The Express Tribune – Pakistan
By Our Correspondent
“The government is also looking for exploration activities in Afghanistan, Morocco and the US,” says Dr Asim hussain. PHOTO: PID/FILE
ISLAMABAD: Adviser to the Prime Minister on Petroleum and Natural Resources Dr Asim Hussain has revealed that the government is mulling purchasing a shale gas field in the United States in an effort to tap a cheaper source of energy to meet growing needs of Pakistan.
Addressing a press conference here on Tuesday, Hussain said huge reserves of shale gas had been discovered in the US, “therefore, we are considering investing in a shale gas field to ensure gas supply to Pakistan.”
Discussing Pakistan Petroleum Limited’s (PPL) interest in Iraq, he stressed that the company would explore oil and gas reserves there as the Iraqi cabinet had approved the award of a block to PPL, which it had won in bidding.
“The government is also looking for exploration activities in Afghanistan, Morocco and the US,” he said.
Hussain said the government had planned to add one billion cubic feet of gas per day (bcfd) from local sources by the fourth quarter of next year.
In addition to this, the petroleum ministry has sent a summary to the Economic Coordination Committee (ECC) of the cabinet, proposing import of 1 bcfd of liquefied natural gas (LNG). In this programme, 200 mmcfd of LNG will be imported on fast track and 800 mmcfd will be purchased under long-term arrangements.
Acknowledging that winter this year would be tough in terms of gas shortfall, Hussain stressed that the shortage would be manageable through implementing a load management programme.

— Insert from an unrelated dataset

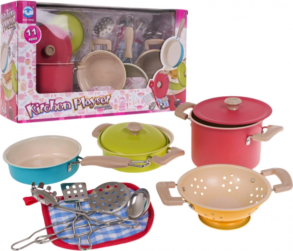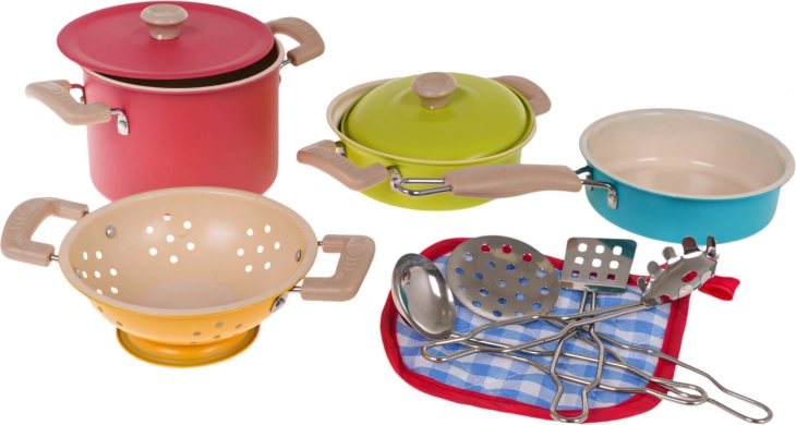 Farverigt børnesæt med gryder og køkkentilbehør – 11 dele i metal

He claimed that the gas shortfall would come to an end in two years as the government was making all possible efforts to overcome the crisis.
Following the approval of Petroleum Policy 2012, he said, gas exploration and production companies had accelerated their activities. ENI has discovered reserves of 300 to 400 billion cubic feet and 30 mmcfd will flow every day from this point.
Hussain said the government had cancelled licences of four blocks, which were not performing well and exploration work there was poor. On the other hand, 52 blocks have been auctioned in the last four years.
The Oil and Gas Development Company (OGDC) will explore 36 wells in a year and oil production is expected to increase to 100,000 barrels per day by April next year.
In order to highlight incentives in the new policy and attract investment in oil and gas exploration, the government has planned to conduct road shows in different places including Dubai, London and Houston.
Talking about Turkmenistan-Afghanistan-Pakistan-India (TAPI) gas pipeline project, Hussain said negotiations were going on and soon things would be settled.
He also said Pakistan State Oil (PSO) would set up an oil refinery in Khyber-Pakhtunkhwa.
PML-N proposal rejected
Hussain rejected a suggestion from the Pakistan Muslim League-Nawaz (PML-N) that oil prices should be revised once in a month in order
to provide relief to the consumers, terming it an attempt “to put Pakistan into darkness”.
Leader of Opposition in the National Assembly Chaudhry Nisar Ali Khan of PML-N had stated in the house that they would move a resolution for replacing the current weekly review of oil prices with a monthly review.
However, Hussain declared that the government would not change the current mechanism, arguing all over the world fuel prices were revised every day.
Published in The Express Tribune, October 3rd, 2012.